Data block:
◆ ◆ ◆ ◆

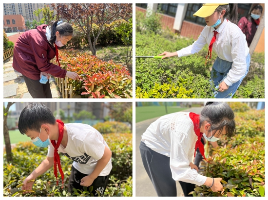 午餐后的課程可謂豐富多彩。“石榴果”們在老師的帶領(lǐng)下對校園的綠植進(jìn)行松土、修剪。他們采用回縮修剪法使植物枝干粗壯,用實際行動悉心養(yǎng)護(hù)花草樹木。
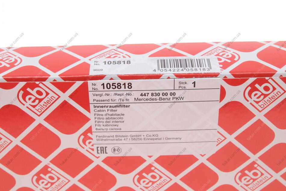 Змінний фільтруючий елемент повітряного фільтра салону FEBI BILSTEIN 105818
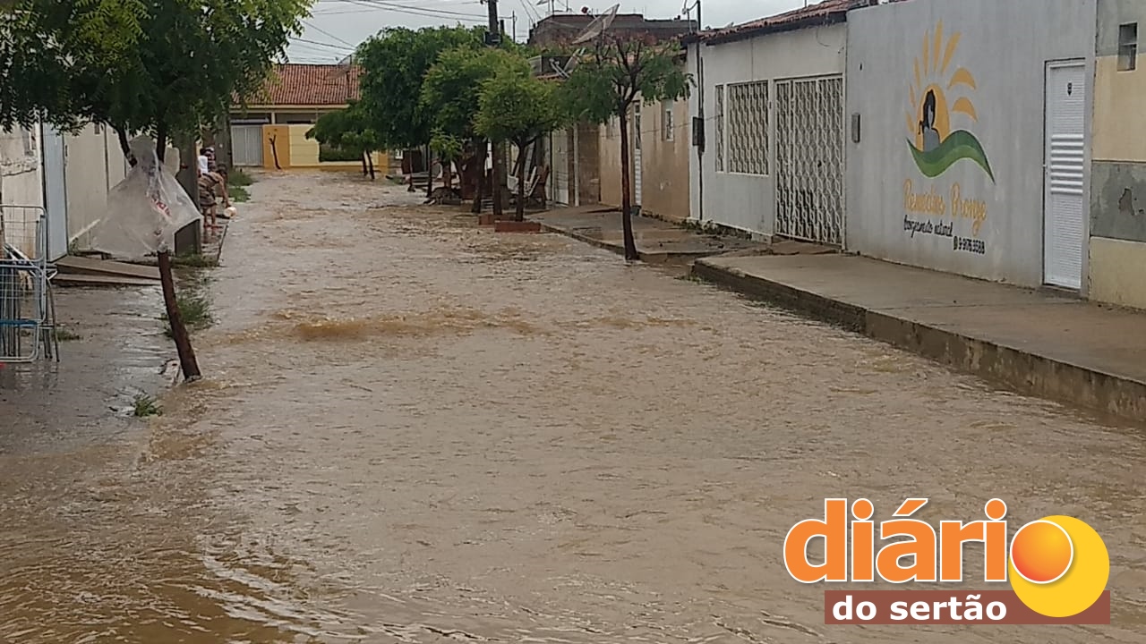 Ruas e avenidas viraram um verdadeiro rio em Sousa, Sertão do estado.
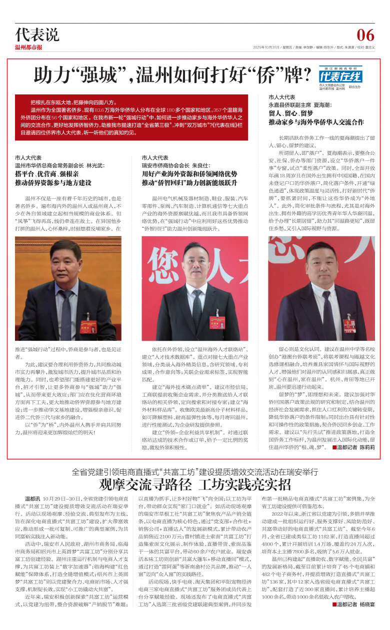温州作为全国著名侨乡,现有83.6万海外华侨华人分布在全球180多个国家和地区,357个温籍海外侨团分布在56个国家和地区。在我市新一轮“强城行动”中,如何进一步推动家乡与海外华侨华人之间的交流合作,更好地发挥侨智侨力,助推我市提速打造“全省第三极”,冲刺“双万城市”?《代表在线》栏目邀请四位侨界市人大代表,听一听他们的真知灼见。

◆ ◆ ◆ ◆

Restate the whole listing exactly as written, minus the pictures.

Task result:
 午餐后的課程可謂豐富多彩。“石榴果”們在老師的帶領(lǐng)下對校園的綠植進(jìn)行松土、修剪。他們采用回縮修剪法使植物枝干粗壯,用實際行動悉心養(yǎng)護(hù)花草樹木。
 Змінний фільтруючий елемент повітряного фільтра салону FEBI BILSTEIN 105818
 Ruas e avenidas viraram um verdadeiro rio em Sousa, Sertão do estado.
温州作为全国著名侨乡,现有83.6万海外华侨华人分布在全球180多个国家和地区,357个温籍海外侨团分布在56个国家和地区。在我市新一轮“强城行动”中,如何进一步推动家乡与海外华侨华人之间的交流合作,更好地发挥侨智侨力,助推我市提速打造“全省第三极”,冲刺“双万城市”?《代表在线》栏目邀请四位侨界市人大代表,听一听他们的真知灼见。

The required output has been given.